= Data shown =
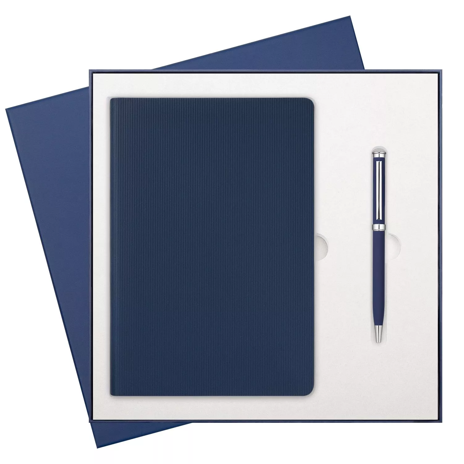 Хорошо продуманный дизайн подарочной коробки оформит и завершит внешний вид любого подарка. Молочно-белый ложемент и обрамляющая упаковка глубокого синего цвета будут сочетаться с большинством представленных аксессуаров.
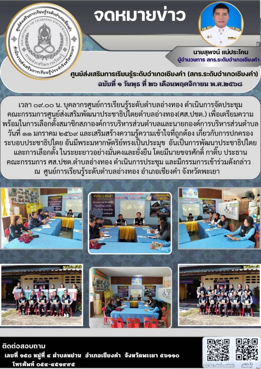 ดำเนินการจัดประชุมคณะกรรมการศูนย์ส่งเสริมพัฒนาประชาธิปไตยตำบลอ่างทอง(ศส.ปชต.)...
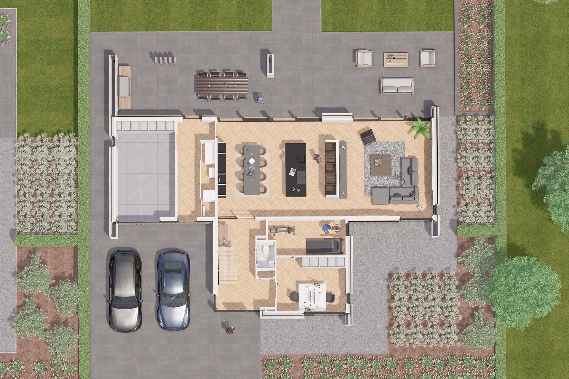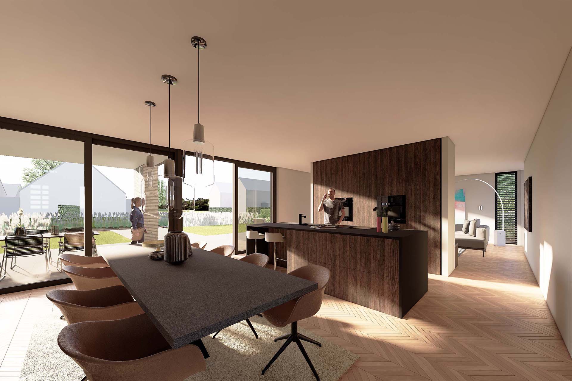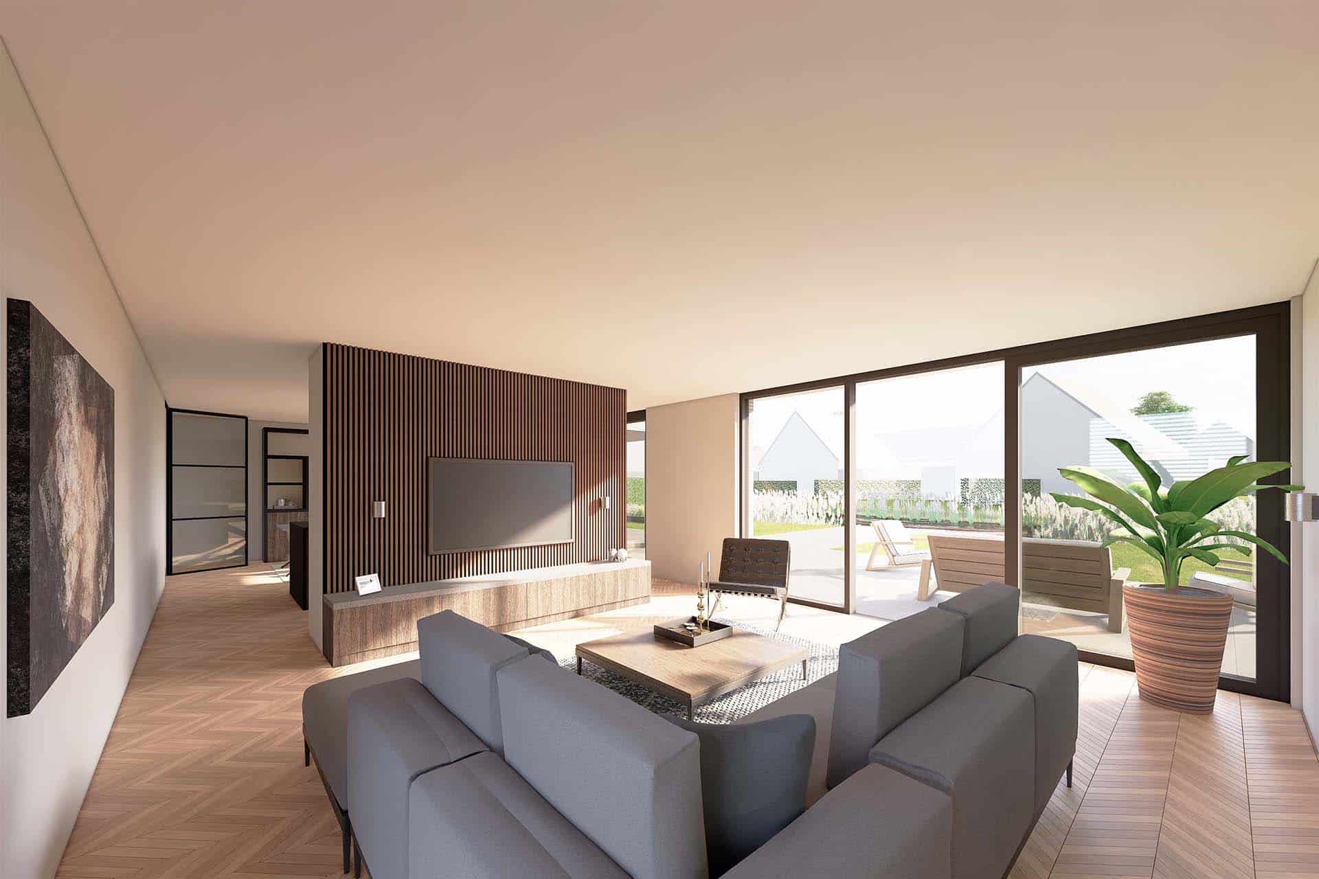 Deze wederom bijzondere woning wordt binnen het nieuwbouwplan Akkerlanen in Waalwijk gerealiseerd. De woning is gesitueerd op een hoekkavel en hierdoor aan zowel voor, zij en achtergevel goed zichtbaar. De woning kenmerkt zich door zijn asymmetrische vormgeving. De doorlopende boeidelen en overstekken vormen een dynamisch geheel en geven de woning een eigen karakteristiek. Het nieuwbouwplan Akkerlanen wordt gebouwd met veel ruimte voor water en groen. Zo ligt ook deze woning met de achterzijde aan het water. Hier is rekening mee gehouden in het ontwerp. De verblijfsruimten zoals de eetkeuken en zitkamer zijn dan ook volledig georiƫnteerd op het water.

= What the task requires =
Only the lines from the beginning of the listing through the line with "ดำเนินการจัดปร", both ends included, are to be repeated exactly; pictures stay out.

= Result of the exercise =
 Хорошо продуманный дизайн подарочной коробки оформит и завершит внешний вид любого подарка. Молочно-белый ложемент и обрамляющая упаковка глубокого синего цвета будут сочетаться с большинством представленных аксессуаров.
 ดำเนินการจัดประชุมคณะกรรมการศูนย์ส่งเสริมพัฒนาประชาธิปไตยตำบลอ่างทอง(ศส.ปชต.)...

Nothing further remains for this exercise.